Random variables in practice

  • Rolling a fair die: \(\Omega = \{1,2,3,4,5,6\}\), \(X(\omega) = \omega\). The variable is the result of the roll.
  • Flipping a coin 10 times: \(X\) = number of heads. The sample space has \(2^{10}\) outcomes but \(X\) maps them all to \(\{0, 1, \ldots, 10\}\).
  • Measuring waiting time at a call center: \(X\) = time in seconds until the call is answered. \(X\) can take any positive real value.

Example icon

The key distinction between random variables is whether the set of possible values is countable or not.

Discrete random variables

A random variable is discrete when it can only take a finite or countably infinite set of values, typically integers.

Probability mass function (PMF)

The probability mass function assigns a probability to each possible value:

\[ P(X = x_i) = p_i, \quad \text{with } \sum_{i} p_i = 1 \text{ and } p_i \geq 0 \]

Cumulative distribution function (CDF)

The cumulative distribution function gives the probability that \(X\) takes a value less than or equal to \(x\):

\[F(x) = P(X \leq x) = \sum_{x_i \leq x} p_i\]

For discrete variables, the CDF is a step function: it stays flat between consecutive values and jumps at each possible value of \(X\).

PMF (left) and CDF (right) of a Binomial(10, 0.5) distribution

Figure 1: PMF (left) and CDF (right) of a Binomial(10, 0.5) distribution

Discrete random variable: number of defective items

A factory produces batches of 10 items.
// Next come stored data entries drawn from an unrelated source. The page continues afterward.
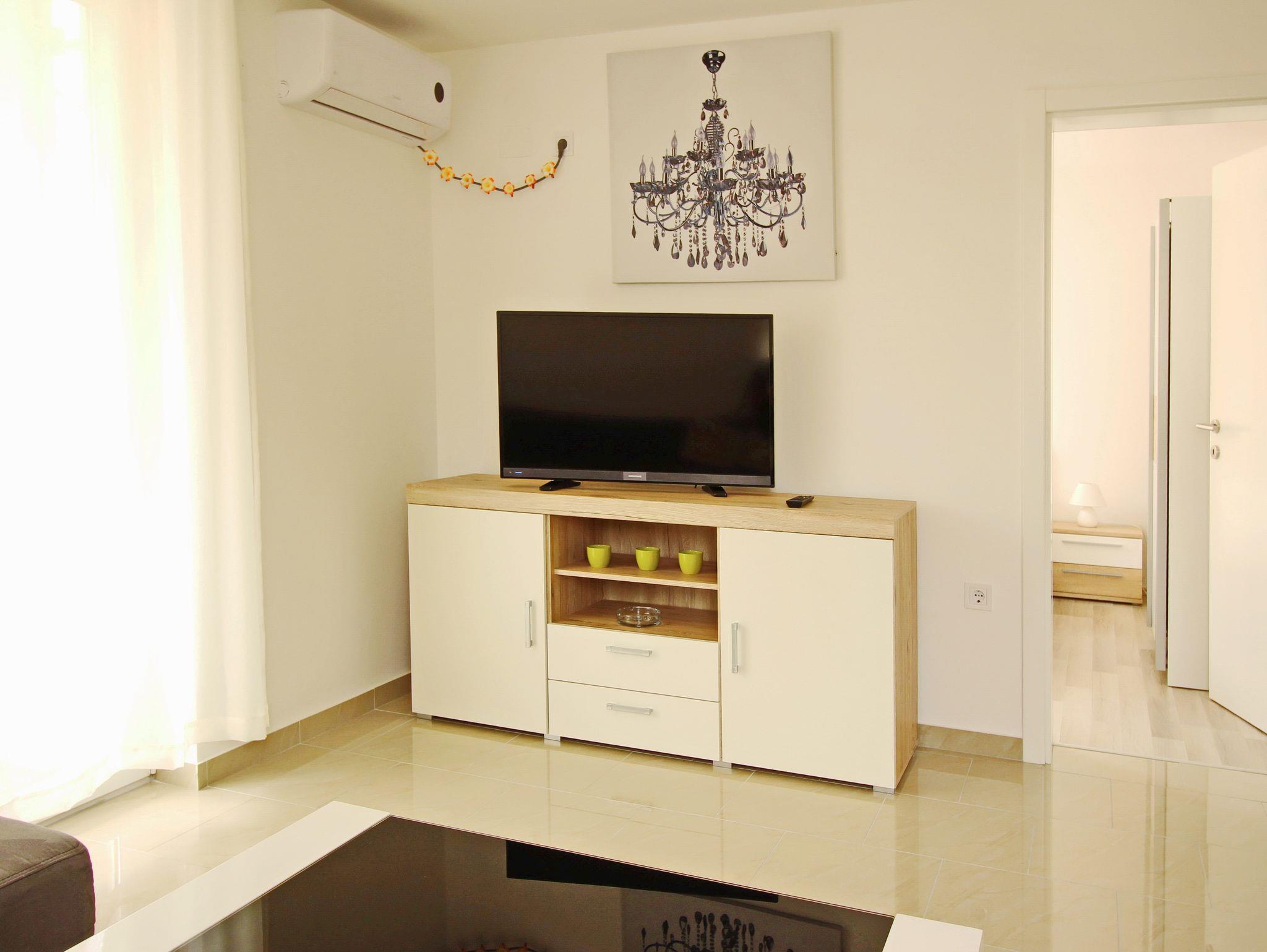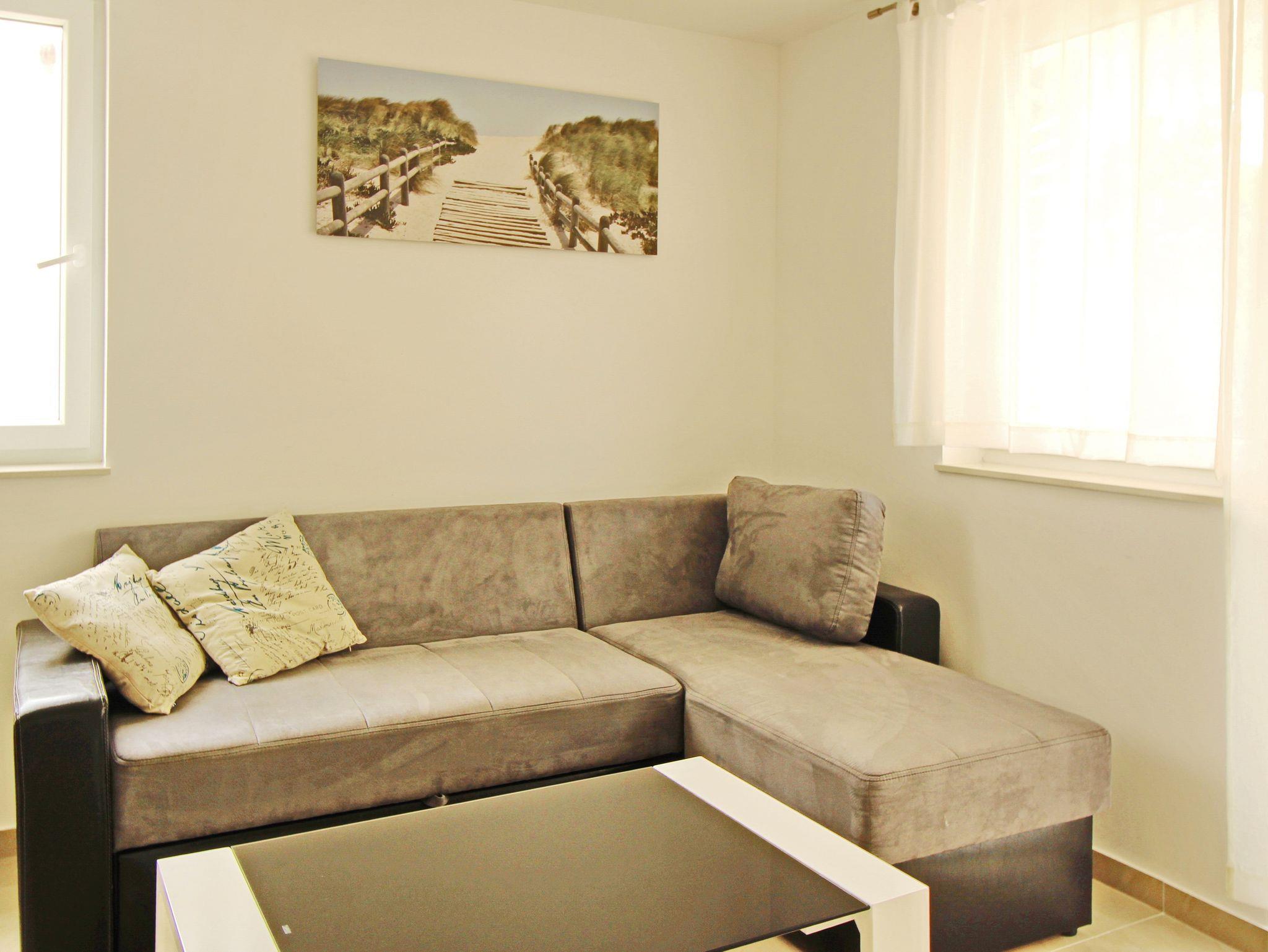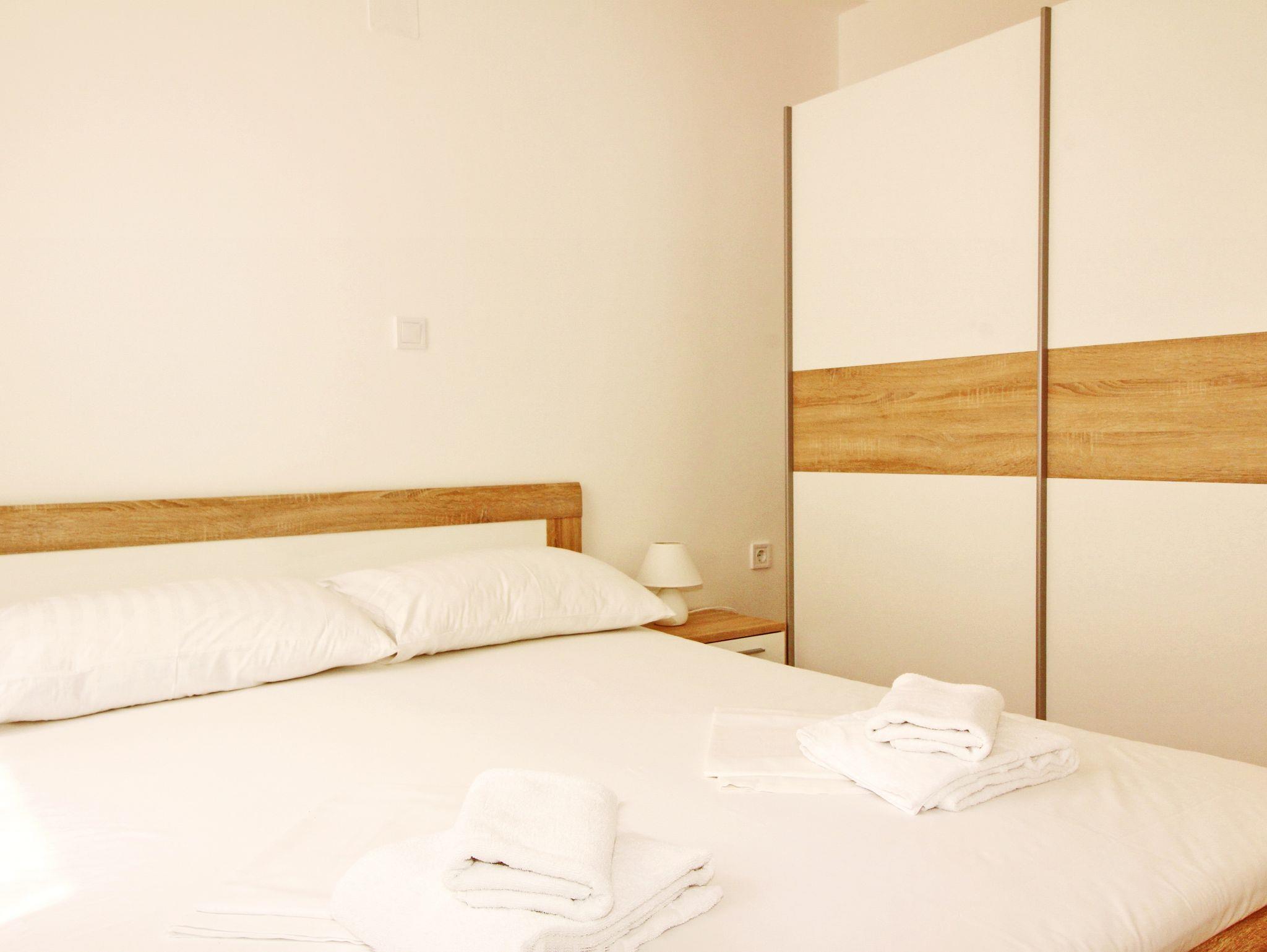 Ferienwohnung bietet Platz für 4 Gäste. Die Betten sind in Schlafzimmern, die es 1 gibt, und in Wohnzimmer, innerhalb einer Gesamtfläche von 41m2, angeordnet. Die Gäste haben einen eigenen Balkon zur Verfügung, auf der sie in warmen Sommernächten genießen können. IM PREIS INBEGRIFFEN: Kurtaxe, Endreinigung, Klimatisierung, Parkplatz, Internet. VERBINDLICHE ZUSÄTZLICHE KOSTEN: Aufzahlung für Kurzaufenthalte (prozentualer Zuschlag pro Nächtigungsanzahl: 30% - 1, 20% - 2, 10% - 3). Die Verfügbarkeit zusätzlicher Dienstleistungen in Ihrem reservierten Termin und die Preise derselben (falls nicht aufgeführt) müssen im Voraus überprüft werden. Zusätzliche Dienstleistungen die in der Zahlungsaufforderung nicht aufgeführt sind werden direkt beim Vermieter bezahlt, angenommen der Gast nutzt auch diese.
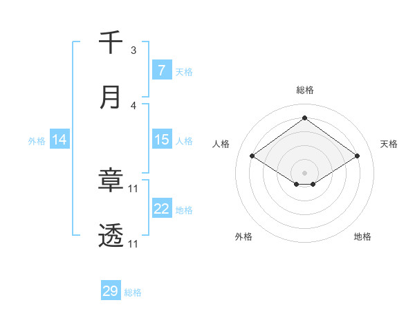 千月 章透さんの総格は29画の4点!
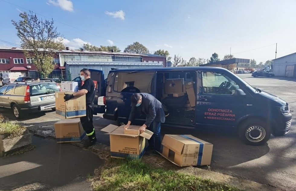 Wobec wysiłkom ratowników medycznych obojętni nie pozostają strażacy. Druhowie Ochotniczej Straży Pożarnej w Niebieszczanach dostarczają środki ochrony indywidualnej przekazane od Wojewody Podkarpackiego prosto z magazynu w Rzeszowie. Takie działania są ogromnym wsparciem dla medyków.
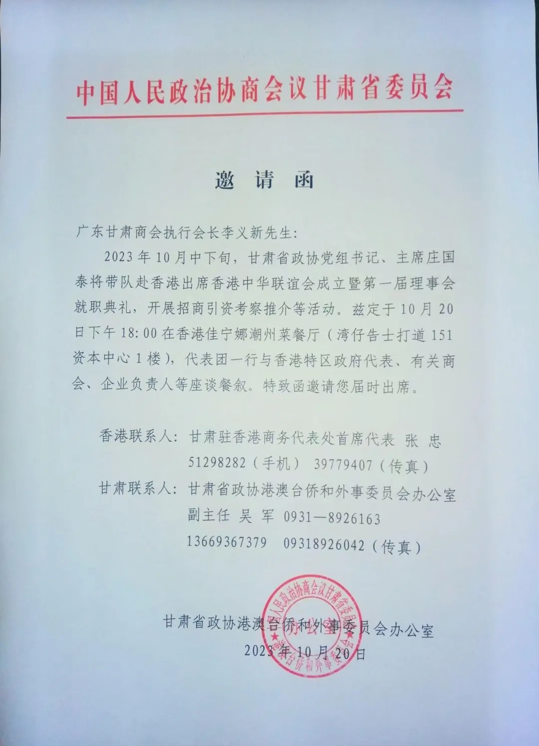 10月18日至21日,甘肃省政协党组书记、主席庄国泰率甘肃代表团赴香港参加香港中华联谊会成立暨第一届理事会就职典礼,期间在香港开展考察合作交流活动,与各界人士共话团结、共商合作。

Each item is defective with probability 0.3, independently. The number of defective items (X \sim \text{Binomial}(10, 0.3)).

  • \(P(X = 0) = 0.028\): probability of no defective items.
  • \(P(X = 2) = 0.233\): most likely outcome.
  • \(P(X \leq 3) = F(3) = 0.650\): 65% of batches have 3 or fewer defects.

    Example icon

Continuous random variables

A random variable is continuous when it can take any value within an interval (or union of intervals). Measurements like time, temperature, or weight are naturally continuous.

Probability density function (PDF)

For continuous variables, individual values have probability zero. Instead, probabilities are defined over intervals through the probability density function \(f(x)\):

\[ P(a \leq X \leq b) = \int_{a}^{b} f(x)\, dx, \quad \text{with } \int_{-\infty}^{\infty} f(x)\, dx = 1 \text{ and } f(x) \geq 0 \]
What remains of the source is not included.